PZU chce wywrócić rynek OC do góry nogami

Nie czekając na branżowe porozumienie, gigant wprowadza bezpośrednią likwidację szkód i zachęca do tego innych.

Największy polski ubezpieczyciel — PZU — pokazuje konkurentom, gdzie jest ich miejsce w szeregu. Na miesiąc przed walnym Polskiej Izby Ubezpieczeń (PIU), na którym branża miała podjąć decyzję o przyszłości bezpośredniej likwidacji szkód, gigant wprowadza do oferty usługę umożliwiającą naprawę auta za pośrednictwem firmy, w której właściciel ma polisę OC. Chce w ten sposób zmusić innych ubezpieczycieli do wdrożenia bezpośredniej likwidacji u siebie. Prace prowadzone w PIU od lipca 2013 r. nie mają szans zakończyć się w tym roku. Część ubezpieczycieli obawia się, że system uniemożliwi im pozyskiwanie klientów, a PZU nie chce, by wprowadzenie nowego rozwiązania się opóźniało.

— Czujemy się odpowiedzialni za wyznaczanie trendów na rynku. Samodzielne wprowadzenie przez nas bezpośredniej likwidacji szkód to próba wywarcia presji na inne towarzystwa. Zachęcamy je do przyłączenia się do nas — wyjaśnia Tomasz Tarkowski, członek zarządu PZU.

Gigant nie jest pierwszą firmą na polskim rynku, która zdecydowała się na samodzielne wprowadzenia bezpośredniej likwidacji szkód do oferty. W ubiegłym roku zrobiła to Warta i należący do grupy VIG Polska Interrisk. Zrobiły to jednak po cichu, a PZU — z przytupem.

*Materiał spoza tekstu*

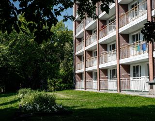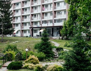 На просторной территории в 14 гектаров располагаются 7 благоустроенных домиков для летнего проживания и жилые корпуса разной этажности, в том числе пятиэтажный корпус, оснащенный лифтом и связанный переходом со столовой и лечебным корпусом. Обширный жилой фонд, способный единовременно принять почти 300 отдыхающих, предлагает гостям номера разных категорий комфорта. В санатории есть как небольшие бюджетные номера, так и просторные апартаменты, оснащенные мини-кухней. В каждой комнате есть индивидуальный санузел, телевизор-ЖК, небольшой холодильник.

Ubezpieczyciel zorganizował wczoraj konferencję pod hasłem rewolucji w ubezpieczeniach, a dziś rusza z kampanią reklamową nowej usługi. Dlaczego firmie tak zależy na nagłośnieniu zmiany? Powód jest prosty: bezpośrednia likwidacja szkód to woda na młyn biznesu PZU. Gigant, zamiast konkurować o klientów jedynie ceną, będzie mógł o nich walczyć także jakością obsługi.

— Wywrócimy rynek ubezpieczeń OC do góry nogami — zapowiada Tomasz Tarkowski. Prezentacja nowej usługi zbiegła się w czasie z konferencją o przestępczości ubezpieczeniowej, na której co roku spotykają się szefowie likwidacji szkód ubezpieczycieli. Posunięcie PZU ich zszokowało.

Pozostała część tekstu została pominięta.